If anything get the lip kit from liuspeedtuning.com


----------



## wapaksentra (May 2, 2005)

psuLemon said:


> i would suggest doing a lot of research on the 02 as they have been nothing but trouble. But to answer the question, sleeper.


trouble what do you mean i havent seen or heard anything bad about them didnt even see any real threating recalls.


----------



## psuLemon (Apr 23, 2003)

http://www.nissanforums.com/showthread.php?t=91620&highlight=2002+spec+problems

http://www.nissanforums.com/showthread.php?t=78536&highlight=2002+spec+problems

search around a little.


----------



## wapaksentra (May 2, 2005)

psuLemon said:


> http://www.nissanforums.com/showthread.php?t=91620&highlight=2002+spec+problems
> 
> http://www.nissanforums.com/showthread.php?t=78536&highlight=2002+spec+problems
> 
> search around a little.


thank you so far with 42k on the odometer no problems other than the normal fuel pressure not setting right on startup after driving but that is going to be fixed real soon


----------



## xbrandonx (Mar 27, 2004)

psuLemon said:


> i would suggest doing a lot of research on the 02 as they have been nothing but trouble. But to answer the question, sleeper.

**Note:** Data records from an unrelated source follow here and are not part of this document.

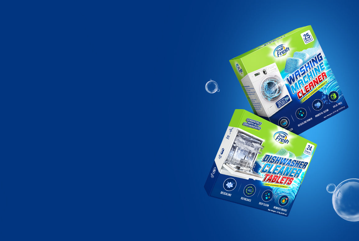 True Fresh Dishwasher Cleaner Tablets dissolve grease, detergent film, and mineral buildup for spotless dishes. Safe for all dishwashers, they maintain optimal performance and keep your kitchen shining with every wash
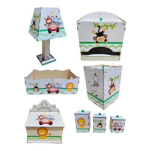 Kit Higiene Bebê Selva Safari 8 Peças Mdf Adesivado Novo
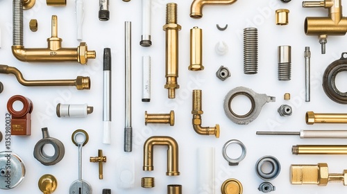 Neatly arranged plumbing components, showcasing precision and organization in design.
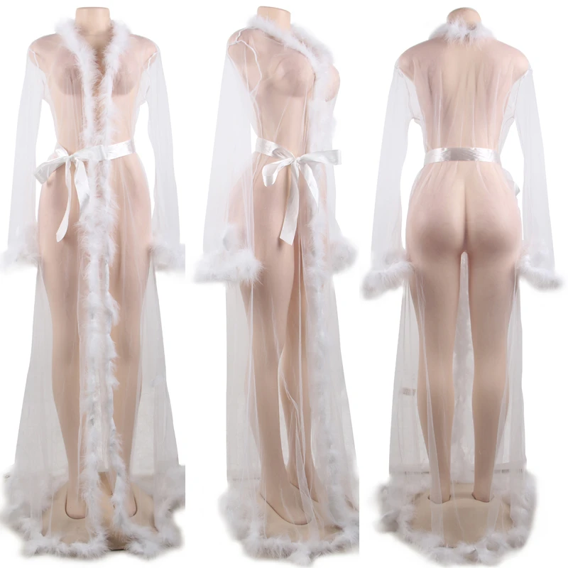 Длинное шифоновая ночная рубашка женское белье, меховой халат, проз...
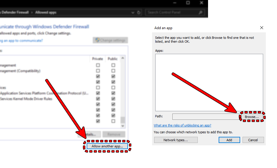 - إذا لم تكن مدرجة، فانقر فوق “السماح لتطبيق آخر…”، ثم استعرض للوصول إلى مجلد اللعبة، وأضف كلاً من
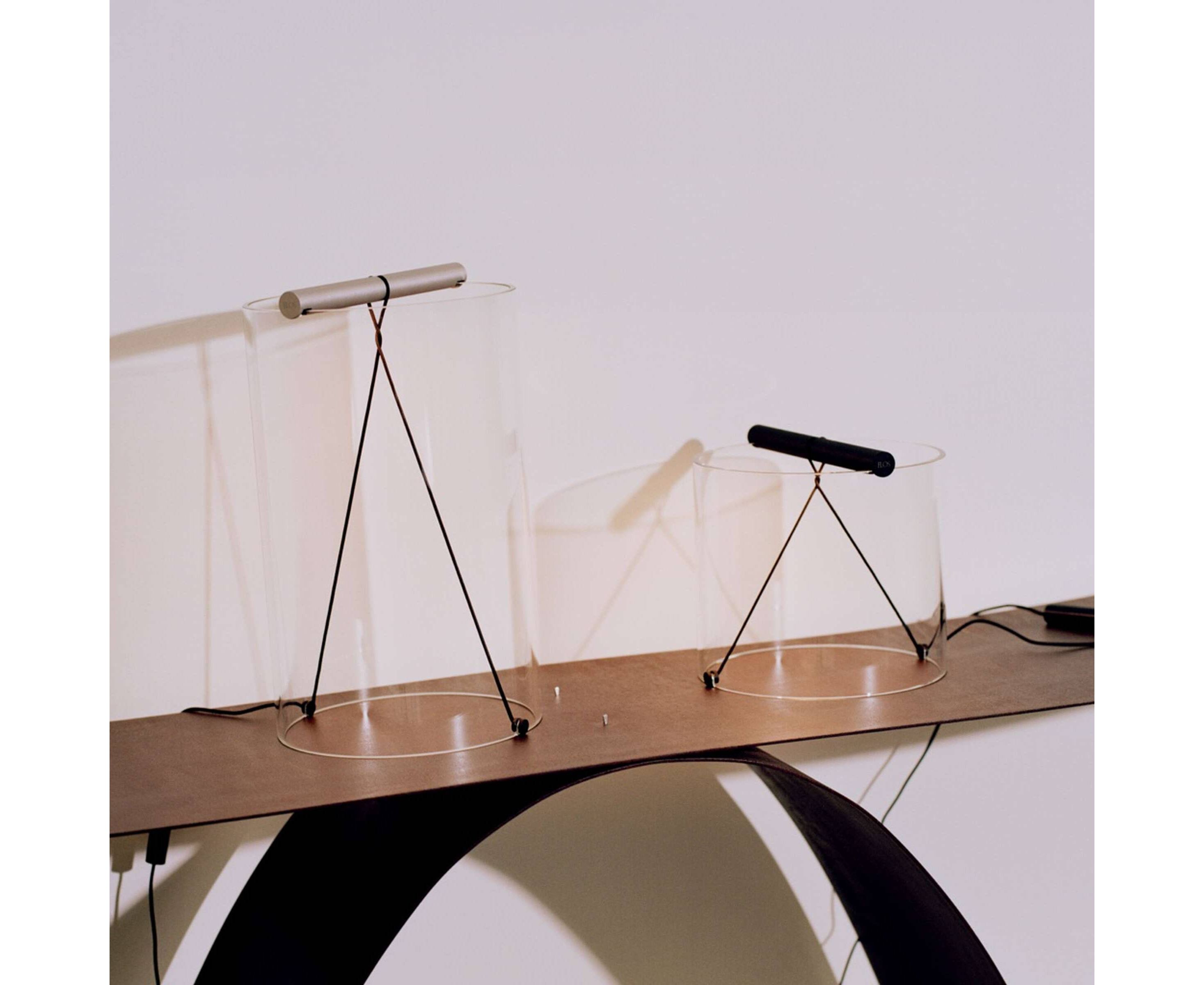 Разработанная Гульельмо Паолетти настольная лампа обеспечивает рассеянный свет. Цилиндрический корпус лампы из прозрачного стекла доступен в различных размерах. Ручка изготовлена из алюминия и также служит источником света. Рассеиватель с несколькими светодиодами из специально разработанного белого поликарбоната позволяет избежать эффекта множественной тени и ослепления. Высокоэффективный светодиодный источник со сроком службы более 50.000 часов. Электрический кабель полезной длины 180 см, обтянутый черной тканью и оснащенный диммером для включения / выключения и регулировки светового потока в диапазоне 10-100%. Подключаемый источник питания со сменными штекерами. To-Tie - это лампа, рассчитанная на будущее, поскольку для сборки ее различных частей не используется клей. Таким образом, продукт может быть отделен, заменен по отдельности и переработан отдельно.
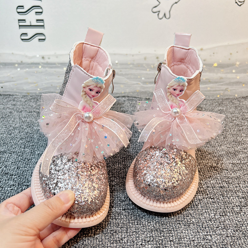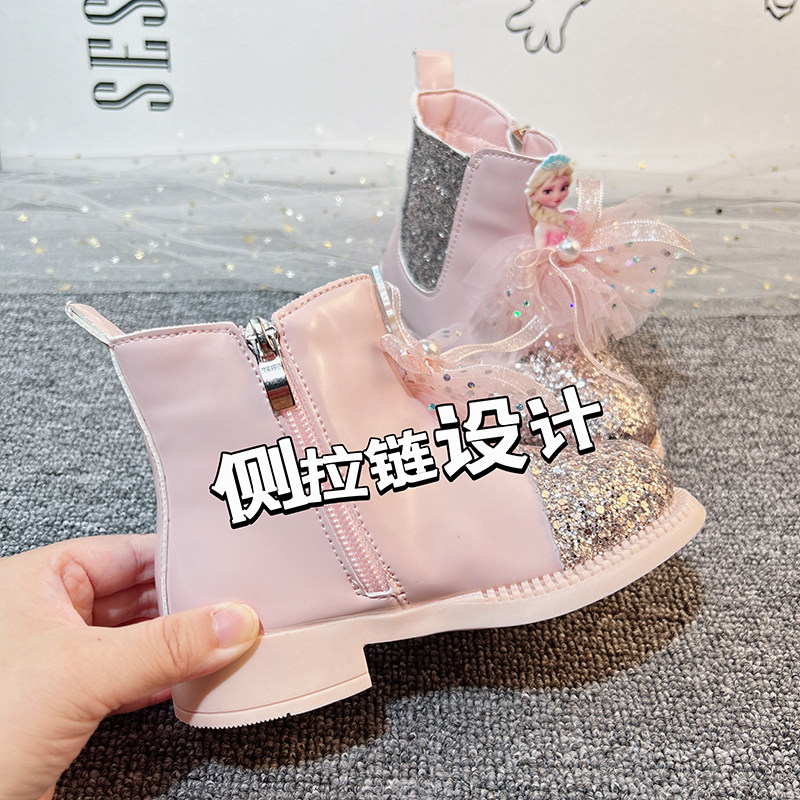 📚 粉色女童水晶靴子儿童冬季加绒鞋子女款洋气马丁靴春秋款2026新款
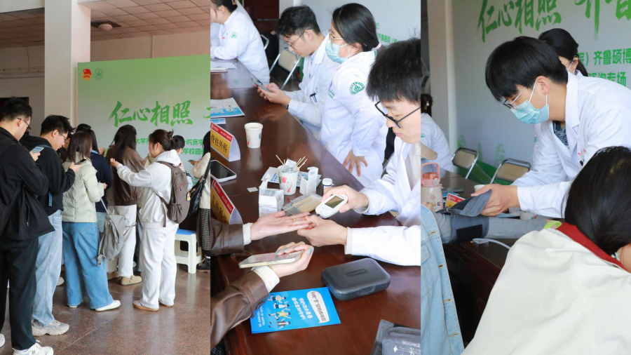 提前抵达现场时,山师的志愿者们已在忙碌布置:登记分诊区的桌签整齐摆放,义诊区的血压计、血糖仪调试完毕,健康科普展板也一一立好。和武志红教授、吕亚婷教授汇合后,我们简单梳理了流程——教授负责解答中西医结合诊疗相关问题,吕医生专注皮肤病咨询,而我们硕博团成员则各展所长—— 血液专业的同学解答贫血、凝血相关问题,消化专业的伙伴对接胃肠不适咨询,心血管、妇产、泌尿外、脊柱外、小儿外的同仁们也各自就位,为同学们提供专业的健康解答以及冬季养生与急救知识科普工作。
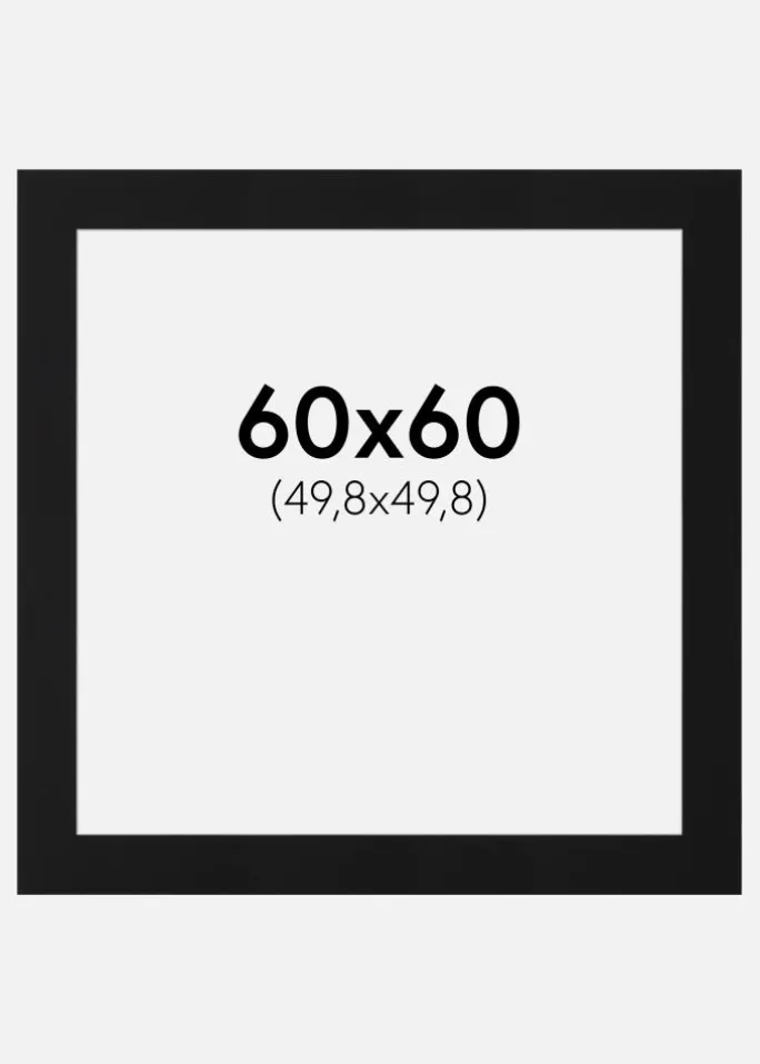 Denne elegante passepartout i sort er det perfekte valg for at give dine billeder og kunstværker en stilfuld indramning. Med en skråskåret indre kant og en hvid kerne skabes en subtil kontrasteffekt, der giver dybde og elegance til dit motiv. Passepartouten er designet til at passe billeder i størrelsen 50,8×50,8 cm (20×20 inches) og har et udvendigt mål på 60×60 cm, hvilket giver en smuk indramning med en jævn og harmonisk kant.
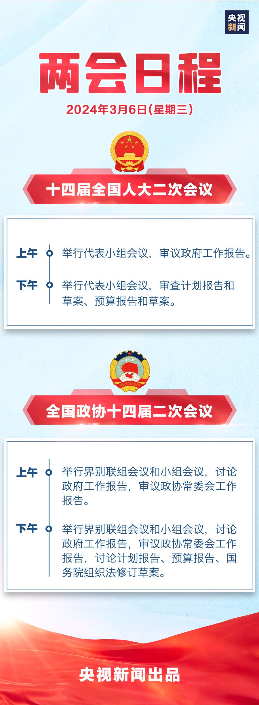 两会日程预告丨3月6日:审议和讨论政府工作报告 审查计划报告和预算报告
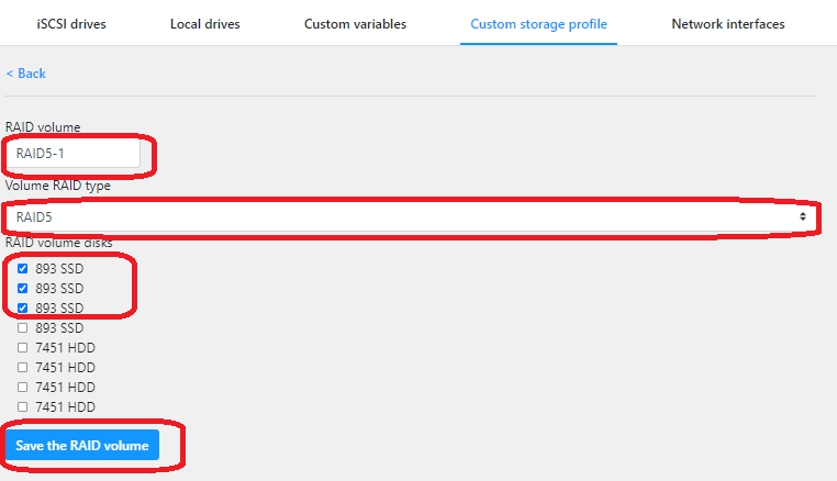 Input a name in RAID volume, select a Volume RAID type and select the RAID volume disks and click Save the RAID volume
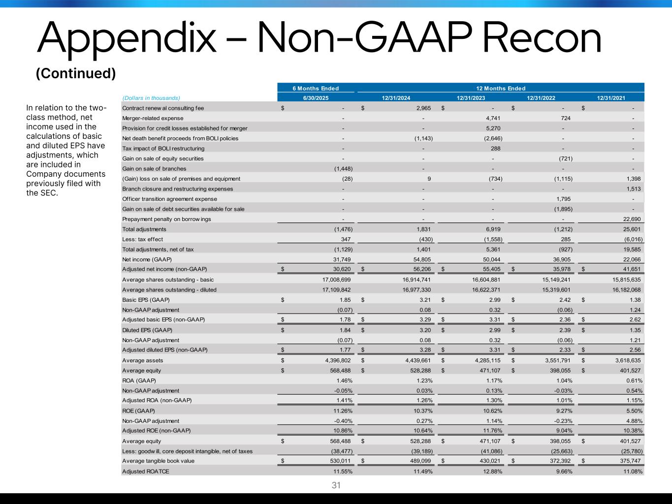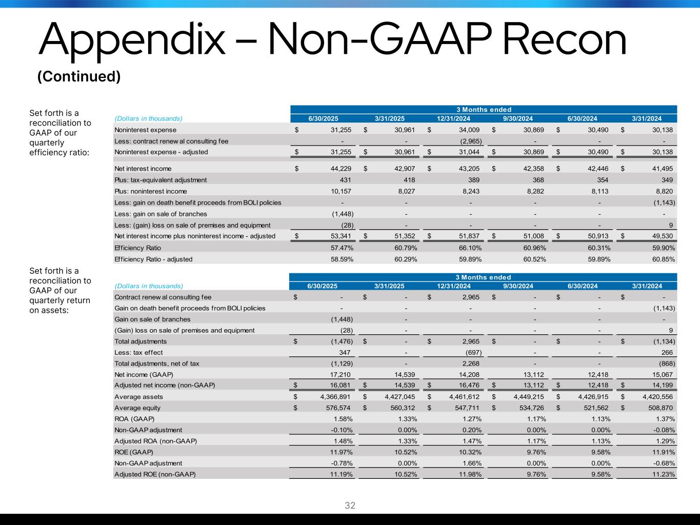 6 Months Ended (Dollars in thousands) 6/30/2025 12/31/2024 12/31/2023 12/31/2022 12/31/2021 Contract renew al consulting fee -$ 2,965$ -$ -$ -$ Merger-related expense - - 4,741 724 - Provision for credit losses established for merger - - 5,270 - - Net death benefit proceeds from BOLI policies - (1,143) (2,646) - - Tax impact of BOLI restructuring - - 288 - - Gain on sale of equity securities - - - (721) - Gain on sale of branches (1,448) - - - - (Gain) loss on sale of premises and equipment (28) 9 (734) (1,115) 1,398 Branch closure and restructuring expenses - - - - 1,513 Off icer transition agreement expense - - - 1,795 - Gain on sale of debt securities available for sale - - - (1,895) - Prepayment penalty on borrow ings - - - - 22,690 Total adjustments (1,476) 1,831 6,919 (1,212) 25,601 Less: tax effect 347 (430) (1,558) 285 (6,016) Total adjustments, net of tax (1,129) 1,401 5,361 (927) 19,585 Net income (GAAP) 31,749 54,805 50,044 36,905 22,066 Adjusted net income (non-GAAP) 30,620$ 56,206$ 55,405$ 35,978$ 41,651$ Average shares outstanding - basic 17,008,699 16,914,741 16,604,881 15,149,241 15,815,635 Average shares outstanding - diluted 17,109,842 16,977,330 16,622,371 15,319,601 16,182,068 Basic EPS (GAAP) 1.85$ 3.21$ 2.99$ 2.42$ 1.38$ Non-GAAP adjustment (0.07) 0.08 0.32 (0.06) 1.24 Adjusted basic EPS (non-GAAP) 1.78$ 3.29$ 3.31$ 2.36$ 2.62$ Diluted EPS (GAAP) 1.84$ 3.20$ 2.99$ 2.39$ 1.35$ Non-GAAP adjustment (0.07) 0.08 0.32 (0.06) 1.21 Adjusted diluted EPS (non-GAAP) 1.77$ 3.28$ 3.31$ 2.33$ 2.56$ Average assets 4,396,802$ 4,439,661$ 4,285,115$ 3,551,791$ 3,618,635$ Average equity 568,488$ 528,288$ 471,107$ 398,055$ 401,527$ ROA (GAAP) 1.46% 1.23% 1.17% 1.04% 0.61% Non-GAAP adjustment -0.05% 0.03% 0.13% -0.03% 0.54% Adjusted ROA (non-GAAP) 1.41% 1.26% 1.30% 1.01% 1.15% ROE (GAAP) 11.26% 10.37% 10.62% 9.27% 5.50% Non-GAAP adjustment -0.40% 0.27% 1.14% -0.23% 4.88% Adjusted ROE (non-GAAP) 10.86% 10.64% 11.76% 9.04% 10.38% Average equity 568,488$ 528,288$ 471,107$ 398,055$ 401,527$ Less: goodw ill, core deposit intangible, net of taxes (38,477) (39,189) (41,086) (25,663) (25,780) Average tangible book value 530,011$ 489,099$ 430,021$ 372,392$ 375,747$ Adjusted ROATCE 11.55% 11.49% 12.88% 9.66% 11.08% 12 Months Ended Appendix – Non-GAAP Recon In relation to the two- class method, net income used in the calculations of basic and diluted EPS have adjustments, which are included in Company documents previously filed with the SEC. (Continued) 31

some people get lucky and have no problems modding their 02's


----------



## Slayer2003 (Jun 4, 2003)

Too many import sleepers out there now. Go full bore head-on fully kitted, only actually have the power to back it up. :thumbup:


----------



## xbrandonx (Mar 27, 2004)

Slayer2003 said:


> Too many import sleepers out there now. Go full bore head-on fully kitted, only actually have the power to back it up. :thumbup:



IMO There are no really good looking body kits out for the 02-03 specV's 

There are a coupple of nice lip kits though.


----------



## captain_shrapnel (Sep 10, 2004)

Sleeper. Less harassment from the 5-0.


----------



## 240luvr (Oct 8, 2004)

I do love a nice sleeper...I would personally go sleeper or simple lip...don't go all out...no one wants to drive around in a hotwheels...


----------



## Nismo240 (Jul 24, 2004)

sleeper.
10 character bullshit.


----------